**Exercise data:**
══════
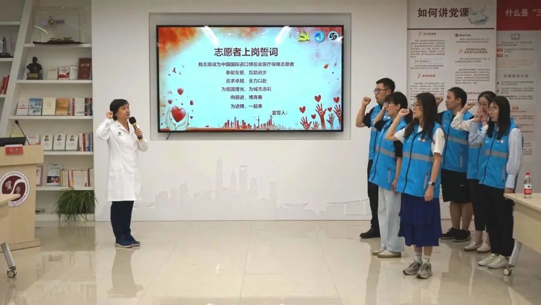 “为祖国增光,为城市添彩,向前进,博青春,为进博,一起来”,郝微微带领志愿者代表进行上岗宣誓,在声声宣誓声中,志愿者们做好了充分的岗前准备,满怀信心,用自己的专业知识和饱满的服务热情为第六届进博会的顺利开展贡献自己的力量。
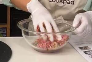 2.豚ひき肉に、オイスターソース、すりおろしニンニク、ショウガ、コショウを加えてよくこね、ひと口大に丸めておきます。
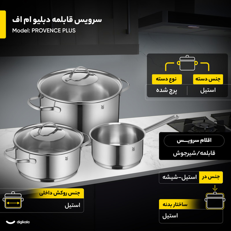 کفه سه لایه این ظروف، حرارت را به صورت بهینه و یکنواخت در تمام سطح پخش میکند که نتیجه آن پختی بینقص و مصرف انرژی کمتر است. این مجموعه ۹ پارچه ساخت کشور آلمان، شامل سه قابلمه در سایزهای کاربردی و یک شیرجوش است که نیازهای اصلی یک آشپزخانه مدرن را به خوبی پوشش میدهد. دستههای استیل این سرویس به صورت پرچ شده به بدنه متصل شدهاند تا ایمنی و استحکام حداکثری را هنگام جابجایی فراهم آورند. این ظروف برای استفاده روی اجاق گاز مناسب هستند. در نهایت، سرویس قابلمه WMF مدل PROVENCE PLUS برای کسانی که به دنبال بهترین کیفیت مواد اولیه و دوامی ماندگار هستند، یک انتخاب حرفهای است.
══════
**Exercise description:** Reproduce only the lines from the first line of the listing above up to and including the line that holds "2.豚ひき肉に、オイスターソ". Omit the pictures.

**Task answer:**
 “为祖国增光,为城市添彩,向前进,博青春,为进博,一起来”,郝微微带领志愿者代表进行上岗宣誓,在声声宣誓声中,志愿者们做好了充分的岗前准备,满怀信心,用自己的专业知识和饱满的服务热情为第六届进博会的顺利开展贡献自己的力量。
 2.豚ひき肉に、オイスターソース、すりおろしニンニク、ショウガ、コショウを加えてよくこね、ひと口大に丸めておきます。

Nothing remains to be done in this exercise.